### WHAT TO WORK ON
Please output every line of the material as it stands, without the pictures.

### COLLECTED MATERIAL
******
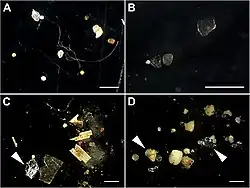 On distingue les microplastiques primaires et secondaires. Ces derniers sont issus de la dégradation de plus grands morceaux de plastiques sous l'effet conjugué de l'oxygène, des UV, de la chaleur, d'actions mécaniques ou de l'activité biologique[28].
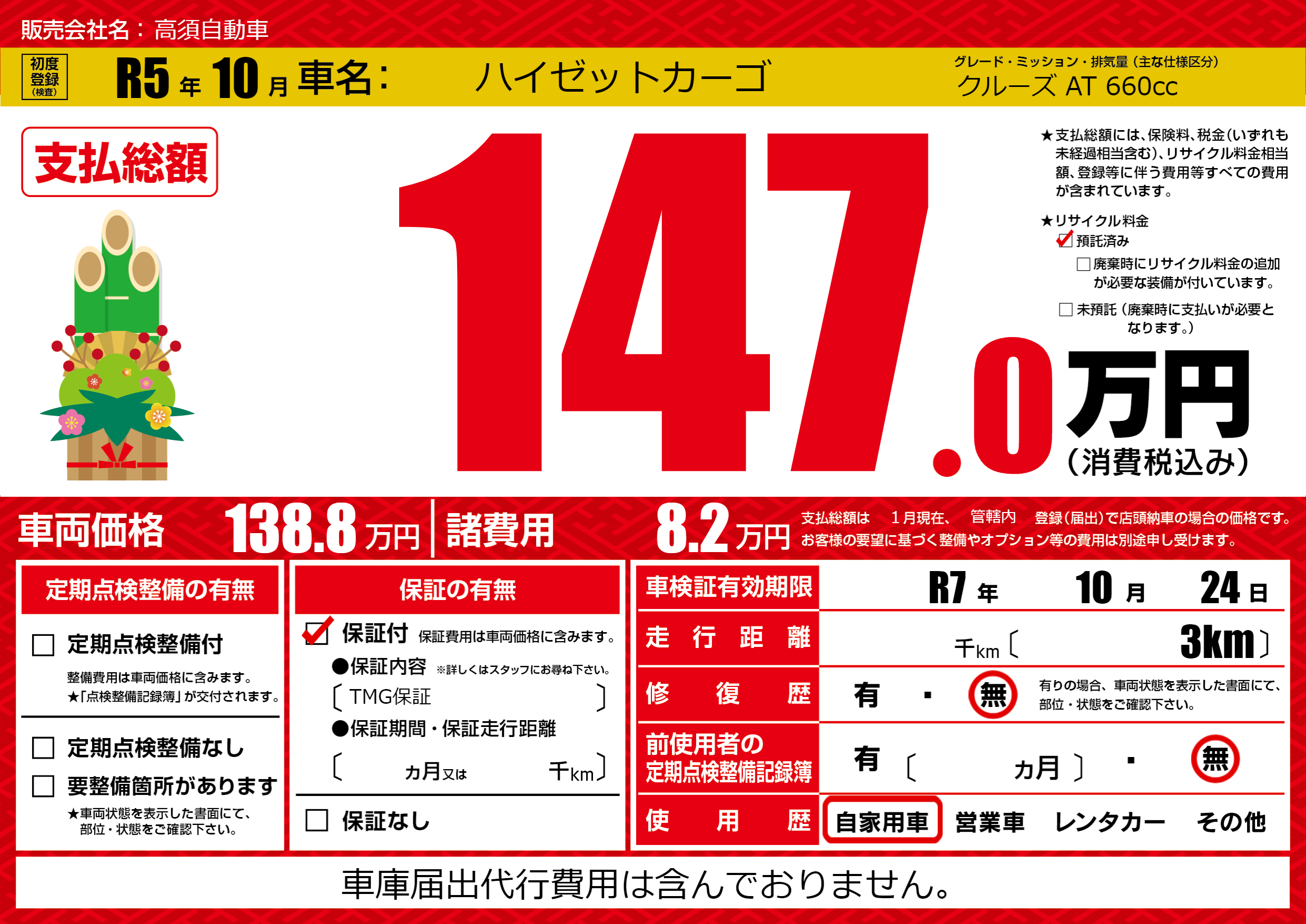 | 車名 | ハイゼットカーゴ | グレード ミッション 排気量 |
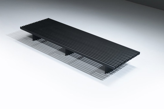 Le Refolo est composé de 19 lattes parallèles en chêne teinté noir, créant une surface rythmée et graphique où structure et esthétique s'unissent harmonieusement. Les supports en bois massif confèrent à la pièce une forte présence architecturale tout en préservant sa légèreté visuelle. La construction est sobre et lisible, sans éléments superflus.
******
### ANSWER TO THE PROBLEM
 On distingue les microplastiques primaires et secondaires. Ces derniers sont issus de la dégradation de plus grands morceaux de plastiques sous l'effet conjugué de l'oxygène, des UV, de la chaleur, d'actions mécaniques ou de l'activité biologique[28].
 | 車名 | ハイゼットカーゴ | グレード ミッション 排気量 |
 Le Refolo est composé de 19 lattes parallèles en chêne teinté noir, créant une surface rythmée et graphique où structure et esthétique s'unissent harmonieusement. Les supports en bois massif confèrent à la pièce une forte présence architecturale tout en préservant sa légèreté visuelle. La construction est sobre et lisible, sans éléments superflus.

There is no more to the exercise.